Why not install batteries designed for that application with a built in BMS, which can communicate with inverter.

You need to understand the inverter specs and only then choose a battery suitable for the inverter. I would strongly advise against just dropping in replacement batteries.

Something I see a lot while doing inverter audits for customers, general and battery setting not suitable for the type of batteries, like charge/discharge rates, battery cutout settings etc etc. Leaving an inverter in default setting, could destroy the batteries in a matter of months.

----------

Cyon (26-May-22)

----------


## Alfred M

> Why not install batteries designed for that application with a built in BMS, which can communicate with inverter.
> 
> You need to understand the inverter specs and only then choose a battery suitable for the inverter. I would strongly advise against just dropping in replacement batteries.
> 
> Something I see a lot while doing inverter audits for customers, general and battery setting not suitable for the type of batteries, like charge/discharge rates, battery cutout settings etc etc. Leaving an inverter in default setting, could destroy the batteries in a matter of months.

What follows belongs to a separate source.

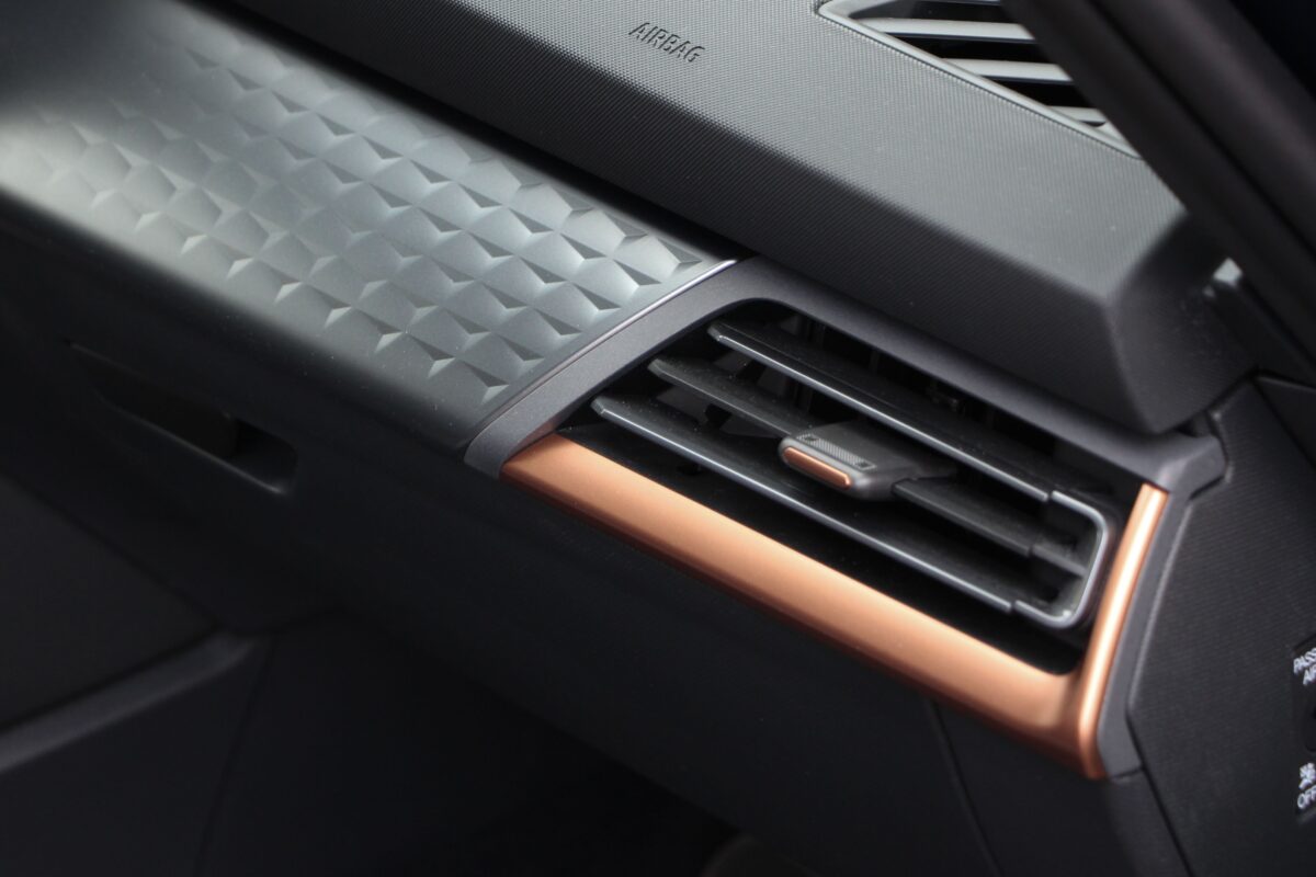Nagyon kíváncsi lennék, ki mit válaszolna az előbbi kérdésre, de lehet, hogy sokan nem egy Volkswagen ID. 3-at. Viszont a Cupra keze meg volt kötve, hát kihozták, amit csak lehetett a lehetőségekből. És a Born bizony ütős lett a maga módján. Sportautónak távolról sem nevezném, de egy divatdiktátornak már igen. Egyértelműen a formájával akar lenyűgözni, ami eléggé láptalaj, hiszen ízlések és pofonok különbözőek ugyebár, ám ügyesen ugrották meg a lécet. Az ID. 3-ság valójában csak oldalról fedezhető fel (amíg be nem ülünk). Teljesen átszabták az autó orrát és farát. Merész arcot rajzoltak neki, látványos légbeömlőkkel a lökhárítóban, de másfelé is tökéletesen alkalmazták a sportosságot hangsúlyozó stíluselemeket. A motorháztető domborítása, hátul a diffúzorhatású elem, de még a C-oszlopon a fekete díszbetét is segít sportosra hangolni a Born auráját. Emellé ott vannak még a rézszínű betétek, az eleve menő Cupra emblémák és az elképesztően látványos Aurora kék karosszéria (373 800 forintért), valamint az elképesztően látványos, 19 colos felnik (410 210 forintért), így kész is a valóban magával ragadó dizájn.
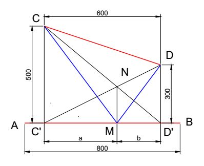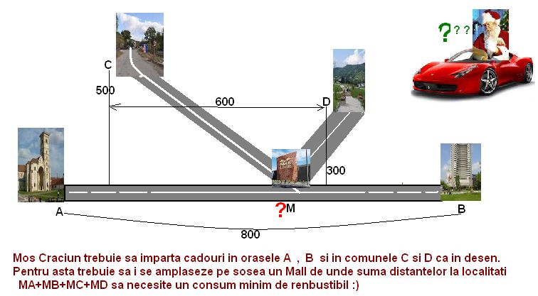 Notam cu x distanta de la M la proiectia punctului C pe dreapta AB. atunci distantele se exprima astfel: MC = sqrt(500^2+x^2) MD = sqrt(500^2+(600-x)^2) MA+MB = 800 F(x) = MA+MB+MC+MD = sqrt(500^2+x^2) + sqrt(500^2+(600-x)^2) + 800 Minimum functiei se obine pt x = 300 (Mall-ul se amplaseza 300m de proiectia punctului C pe dreapta AB. Triunghiul CDM este isoscel.(CD = 600,MC = MB = sqrt(500^2+300^2)=583.1m Suma distantelor = 800+2*583.1 = 800+1166.2=1966.2 |

Thanks for the advice i did manage to find a manual for the Microcare inverter and did speak to the technical guys at Microcare in PE. The parameters could be set up for Lifep04.The main challenge in charging a Li-Ion battery is to realize the battery's full capacity without overcharging it. Constant current constant voltage (CCCV) I will set the inverter cut off voltage at 40% dod.

----------


## Justloadit

> Thanks for the advice i did manage to find a manual for the Microcare inverter and did speak to the technical guys at Microcare in PE. The parameters could be set up for Lifep04.The main challenge in charging a Li-Ion battery is to realize the battery's full capacity without overcharging it. Constant current constant voltage (CCCV) I will set the inverter cut off voltage at 40% dod.


LiFePO4 batteries can go down to 10% DOD as per your chart or minimum of 12V.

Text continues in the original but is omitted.